_Records for this exercise:_

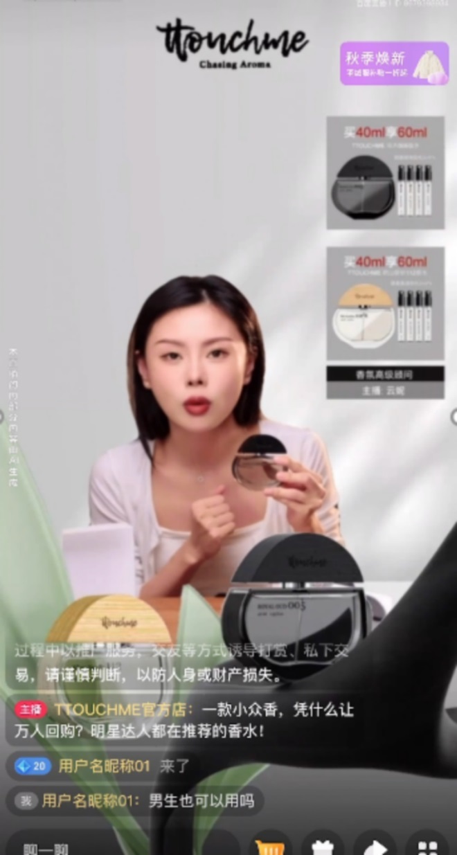 新國貨原創(chuàng)香水品牌“Ttouchme”是百度優(yōu)選的優(yōu)質(zhì)商家。雙十一期間,Ttouchme1:1復(fù)刻了粉絲量最高、銷量TOP1的主播形象打造專屬數(shù)字人, 從形象到聲音足以“以假亂真”,最終達(dá)到訂單量增長100%,有效觀播提升50%,而數(shù)字人主播也成功貢獻(xiàn)了品牌60%GMV。
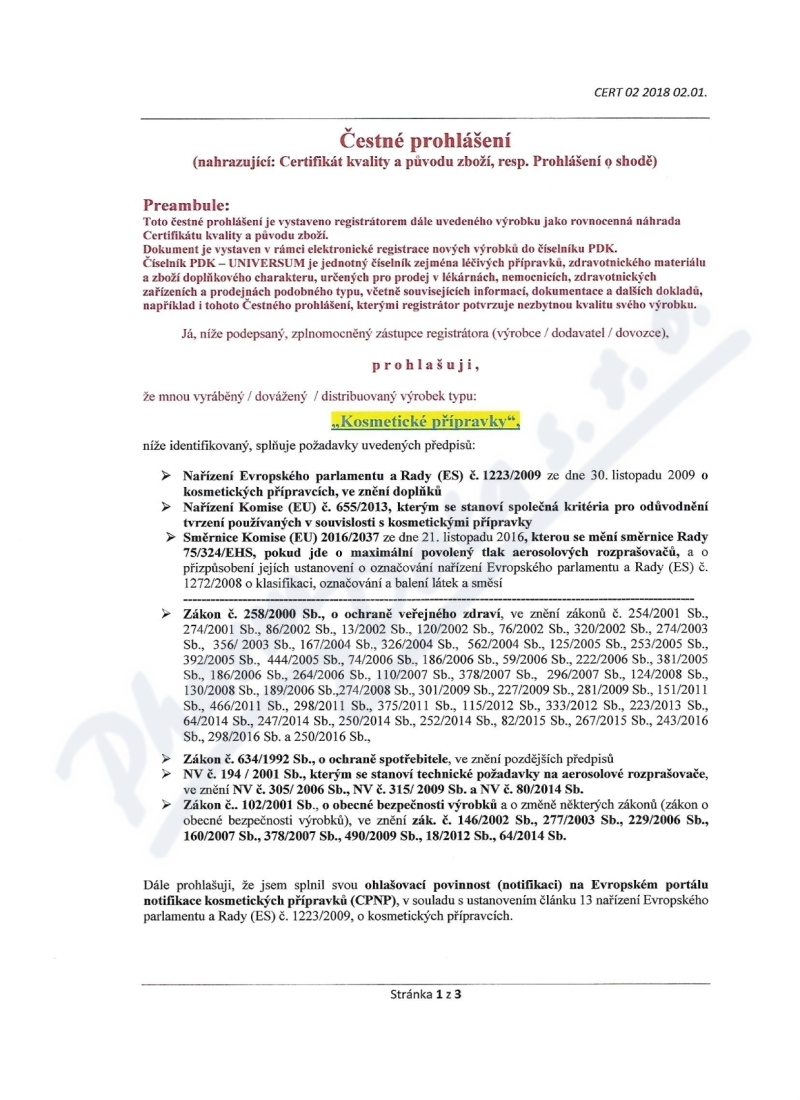 3 strany čestného prohlášení: strana 1, strana 2, strana 3,
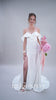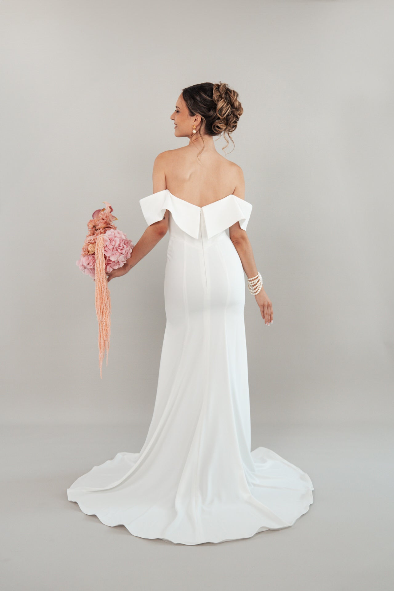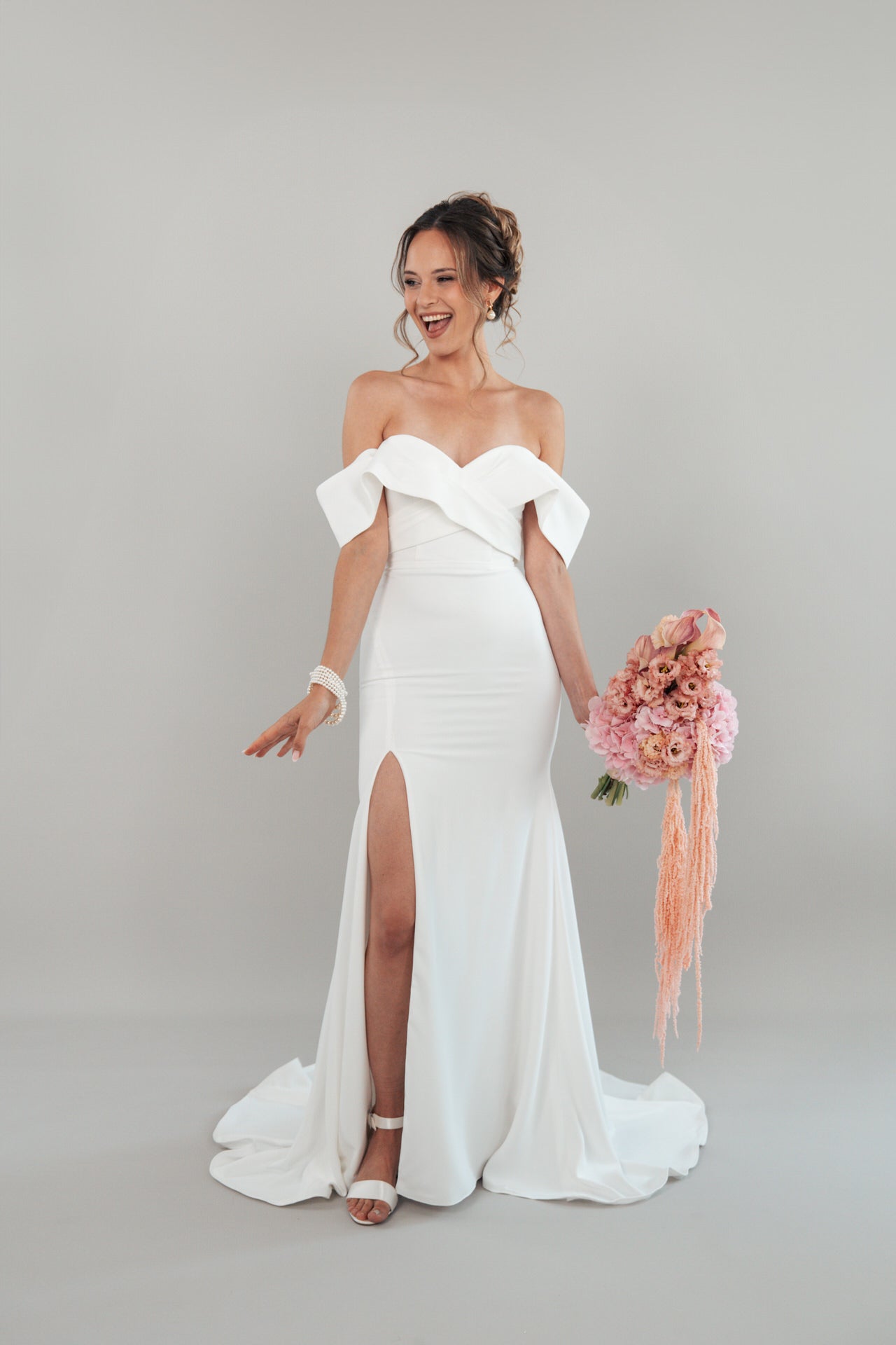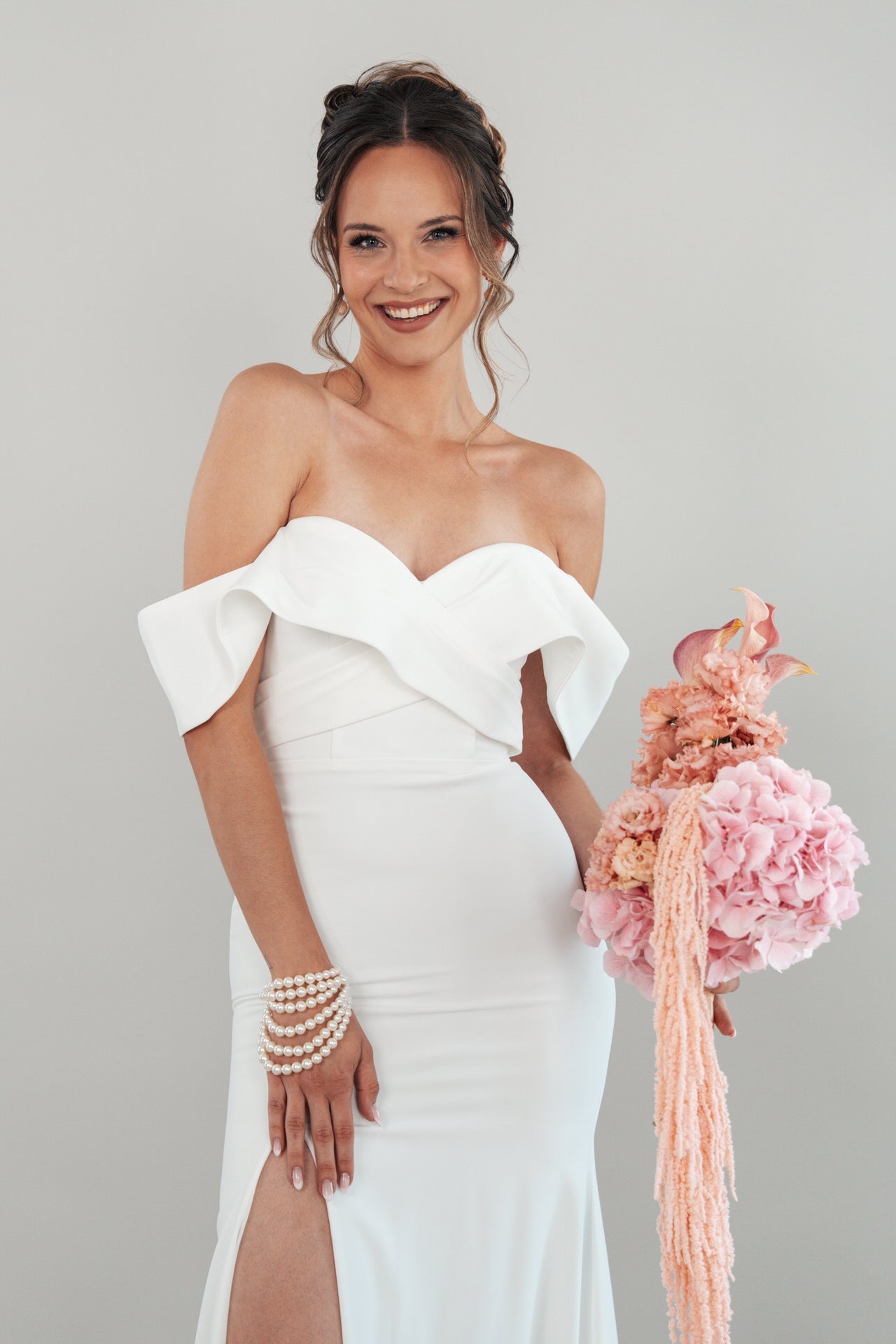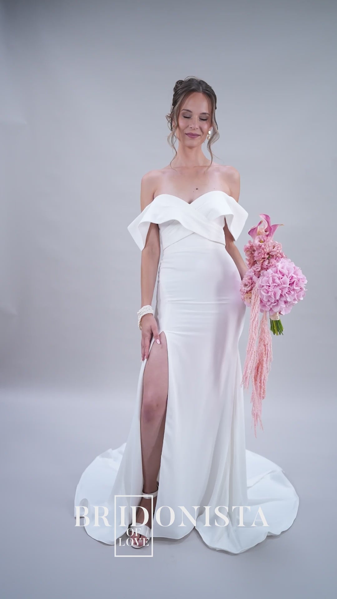 Der aufregende Schlitz an der Vorderseite ist ein besonderes Detail, das Bewegungsfreiheit und einen modernen Twist einbringt. Er erlaubt dir, mit jedem Schritt eine selbstbewusste Eleganz zu zeigen, während der glatte Crepe-Stoff im Licht sanft schimmert und deine Figur sanft umschmeichelt. Die perfekte Verbindung aus Schlichtheit und Stil macht dieses Kleid zu einem Begleiter, der dich in jedem Moment deines besonderen Tages begleitet.
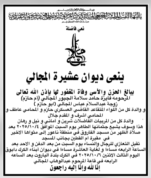 والدة الباشا حازم عبد السلام المجالي في ذمة الله..(تفاصيل)
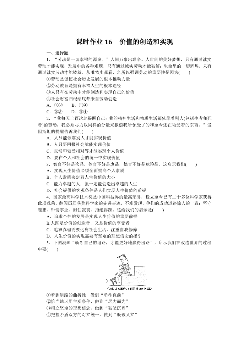 学生啦:课时作业16价值的创造和实现一、选择题1.“劳动是一切幸福的源泉。”人间万事出艰辛。人世间的美好梦想,只有通过诚实劳动才能实现:发展中的各种难题,只有通过诚实劳动才能破解:生命里的一切辉煌,只有通过诚实劳动才能铸就。从唯物史观看,之所以强调劳动的重要性是因为()①劳动是促使社会历史发展的根本推动力量②劳动教育是拥有幸福人生的根本途径③人只有在劳动中才能创造和实现自己的价值④社会财富归根结底都来自劳动创造A.①②B.①④C.②③2.“我每天上百次地提醒自己:我的精神生活和物质生活都依靠着别人(包括生者和死者)的劳动,我必须尽力以同样的分量来报偿我所领受了的和至今还在领受着的东西。”爱因斯坦的提醒告诉我们()A,人只能依靠别人才能实现价值B.人只要回报社会就能实现价值C.报偿和领受相对等才能实现个人价值D.要在个人和社会的统一中实现价值3.智育不好是次品,体育不好是废品,德育不好是危险品。这启示我们()A,实现人生价值必须全面提高个人素质B.个人素质决定着人生价值的大小C.能力卓越的人,就一定能创造出卓越的人生D.社会提供的客观条件是人们实现人生价值的前提4.国家最高科学技术奖是中国科技界的最高荣誉,设立至今已有二十多位科学家获得此项殊荣。翻阅历届获奖科学家的先进事迹,不难发现,他们的成功道路惊人的一致:坚守理想、钟情事业、耐住寂寞、拒绝浮躁。这给我们的启示是()A.追求个性的发展是实现人生价值的重要前提B.人既是价值的创造者,又是价值的享受者C.追求真理需要远离社会生活、注重自我修养D.人生价值的实现需要有坚定的理想信念的指引5.下图漫画“斩断自己的退路,才能更好地赢得出路”,启示我们在改造世界的过程中要()①看到道路的曲折性,做到“勇往直前”②恰当地运用主观条件,做到“尽力而为”③树立坚定的理想信念,做到“破釜沉舟”④把握矛盾双方的对立统一,做到“既破又立”
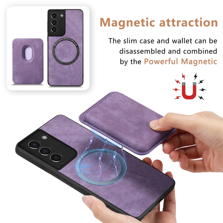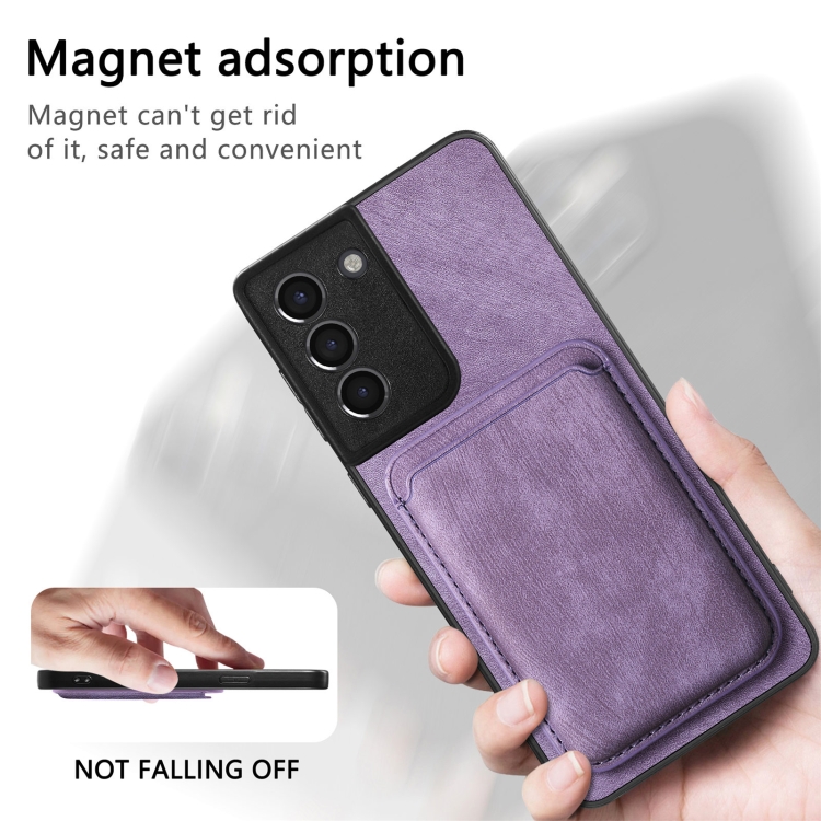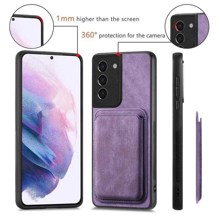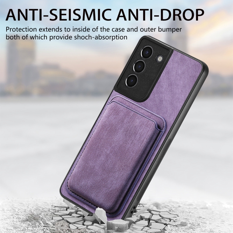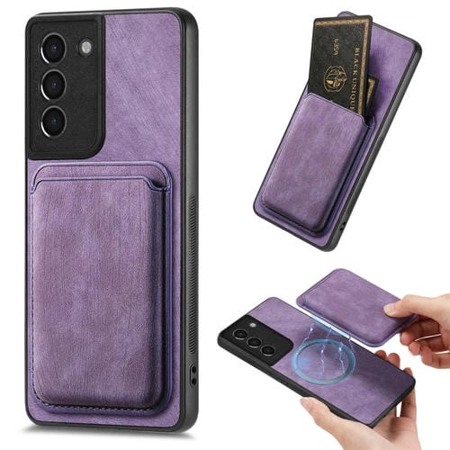 Funda de teléfono Samsung Galaxy S21 5G magnética con bolsa de tarjeta de cuero retro (Púrpura)

_What the exercise asks:_ Transcribe, word for word, the line holding "Der aufregende Schlitz" and all lines after it in the entries above, ending with the last. Only those lines; no pictures.

_Reply to the task:_
 Der aufregende Schlitz an der Vorderseite ist ein besonderes Detail, das Bewegungsfreiheit und einen modernen Twist einbringt. Er erlaubt dir, mit jedem Schritt eine selbstbewusste Eleganz zu zeigen, während der glatte Crepe-Stoff im Licht sanft schimmert und deine Figur sanft umschmeichelt. Die perfekte Verbindung aus Schlichtheit und Stil macht dieses Kleid zu einem Begleiter, der dich in jedem Moment deines besonderen Tages begleitet.
 والدة الباشا حازم عبد السلام المجالي في ذمة الله..(تفاصيل)
 学生啦:课时作业16价值的创造和实现一、选择题1.“劳动是一切幸福的源泉。”人间万事出艰辛。人世间的美好梦想,只有通过诚实劳动才能实现:发展中的各种难题,只有通过诚实劳动才能破解:生命里的一切辉煌,只有通过诚实劳动才能铸就。从唯物史观看,之所以强调劳动的重要性是因为()①劳动是促使社会历史发展的根本推动力量②劳动教育是拥有幸福人生的根本途径③人只有在劳动中才能创造和实现自己的价值④社会财富归根结底都来自劳动创造A.①②B.①④C.②③2.“我每天上百次地提醒自己:我的精神生活和物质生活都依靠着别人(包括生者和死者)的劳动,我必须尽力以同样的分量来报偿我所领受了的和至今还在领受着的东西。”爱因斯坦的提醒告诉我们()A,人只能依靠别人才能实现价值B.人只要回报社会就能实现价值C.报偿和领受相对等才能实现个人价值D.要在个人和社会的统一中实现价值3.智育不好是次品,体育不好是废品,德育不好是危险品。这启示我们()A,实现人生价值必须全面提高个人素质B.个人素质决定着人生价值的大小C.能力卓越的人,就一定能创造出卓越的人生D.社会提供的客观条件是人们实现人生价值的前提4.国家最高科学技术奖是中国科技界的最高荣誉,设立至今已有二十多位科学家获得此项殊荣。翻阅历届获奖科学家的先进事迹,不难发现,他们的成功道路惊人的一致:坚守理想、钟情事业、耐住寂寞、拒绝浮躁。这给我们的启示是()A.追求个性的发展是实现人生价值的重要前提B.人既是价值的创造者,又是价值的享受者C.追求真理需要远离社会生活、注重自我修养D.人生价值的实现需要有坚定的理想信念的指引5.下图漫画“斩断自己的退路,才能更好地赢得出路”,启示我们在改造世界的过程中要()①看到道路的曲折性,做到“勇往直前”②恰当地运用主观条件,做到“尽力而为”③树立坚定的理想信念,做到“破釜沉舟”④把握矛盾双方的对立统一,做到“既破又立”
 Funda de teléfono Samsung Galaxy S21 5G magnética con bolsa de tarjeta de cuero retro (Púrpura)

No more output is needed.